Mandatory plug of this article[0] describing how to use the Zig language toolchain to get easy cross-compilation with CGO.
It's really cool because cross-compilation is, imo, the most painful part of CGO - right after being incompatible with the whole runtime model, being blocking, and being hard to profile with Go profiling tools.
Compile in Debian.
It has a full cross compile tool chain and is as simple as adding the target architecture to dpkg to get the libraries you need (assuming you don't mind the versions packaged for Debian).
Getting the right libs is really the hardest part of cross compiling, and zig can't really help there.
Not to crap on zig, it's pretty badass, just offering a well battle tested alternative.
Wow this is awesome, thanks!

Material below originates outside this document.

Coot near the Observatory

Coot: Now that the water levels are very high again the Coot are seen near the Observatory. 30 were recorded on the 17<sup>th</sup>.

I'm working on a Go project that uses sqlite right now, and I thought I was going to have to use xgo[1], which is cool and all, but it's like an 8 GB docker container, and I'd still be worried about glibc issues.
The default go sqlite driver is https://github.com/mattn/go-sqlite3, which is quite lovely, but I ran into issues with concurrency on read only databases.

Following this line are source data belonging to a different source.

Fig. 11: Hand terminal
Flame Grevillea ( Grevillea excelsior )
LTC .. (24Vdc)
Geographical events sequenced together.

I'm now using https://github.com/crawshaw/sqlite and it seems to address those issues (but I haven't gotten around to setting up a proper test to confirm). It may be worth perusing if you do run into performance problems. It does come with the caveat of not being a database/sql driver though.
It's really cool because cross-compilation is, imo, the most painful part of CGO - right after being incompatible with the whole runtime model, being blocking, and being hard to profile with Go profiling tools.
[0]: https://dev.to/kristoff/zig-makes-go-cross-compilation-just-...
Disclaimer: Not affiliated with the author in any way.